6. The article states: "In Nebraska, same-sex marriages are against the law due to the Protection of Marriage Act." This is inaccurate. First of all, the Protection of Marriage Act has not been adopted by the Nebraska legislature. Secondly, the covenant ceremony was not a "marriage." Finally, the covenant ceremony is not "against the law"; it simply does not have the legal sanction that a heterosexual marriage has. It is a celebration of a spiritual commitment of two persons to one another, not a legal contract.
7. The article states that I am on suspension and "unable to participate in any Church ceremonies, organizations, or be allowed ties of any kind." Again, this is vague and inaccurate. I am suspended from "clergy responsibilities." This means, that I am suspended from performing normal pastoral and administrative responsibilities at First United Methodist Church, Omaha.

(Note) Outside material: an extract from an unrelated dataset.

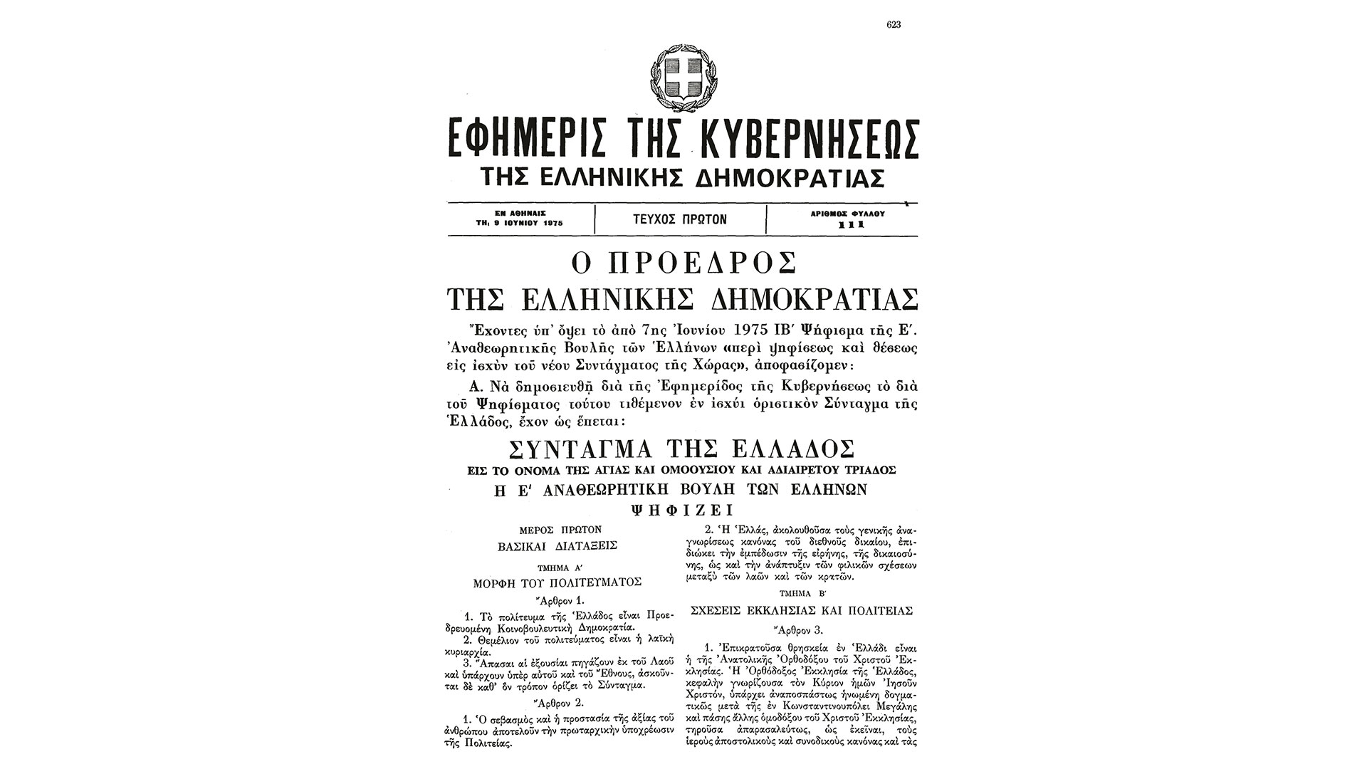 Γιορτάζουμε φέτος τα πενήντα χρόνια του Συντάγματος του 1975 που ψηφίστηκε στις 7, δημοσιεύθηκε στις 9 και άρχισε να ισχύει στις 11 Ιουνίου 1975. Την επόμενη ημέρα ο Κωνσταντίνος Καραμανλής υπέβαλε την αίτηση ένταξης στις τότε Ευρωπαϊκές Κοινότητες. Η συμμετοχή της χώρας στις διεργασίες της ευρωπαϊκής ολοκλήρωσης ήταν μία από τις θεμελιώδεις συνταγματικές αποφάσεις της πρώιμης φάσης της Μεταπολίτευσης, ακόμη κι αν δεν μνημονεύεται ρητώς στον σκληρό πυρήνα των μη υποκείμενων σε αναθεώρηση διατάξεων του άρθρου 110 παρ. 1. Αυτό κατέστη ρητός συνταγματικός κανόνας το 2001 με την προσθήκη σχετικής ερμηνευτικής δήλωσης στο άρθρο 28.

This article was poorly written and has caused much confusion and distress within The United Methodist Church. As you can appreciate, there is much controversy surrounding the covenant ceremony. Persons who are angry that it happened are using the article to implicate Bishop Martinez with me. This has done great harm to him. I therefore ask for a full clarification of both versions of the article. The confusion caused by this article is so great, I believe a full retraction of the article is justified.
Thank you for your attention to this matter. Please respond to let me know what action you will take.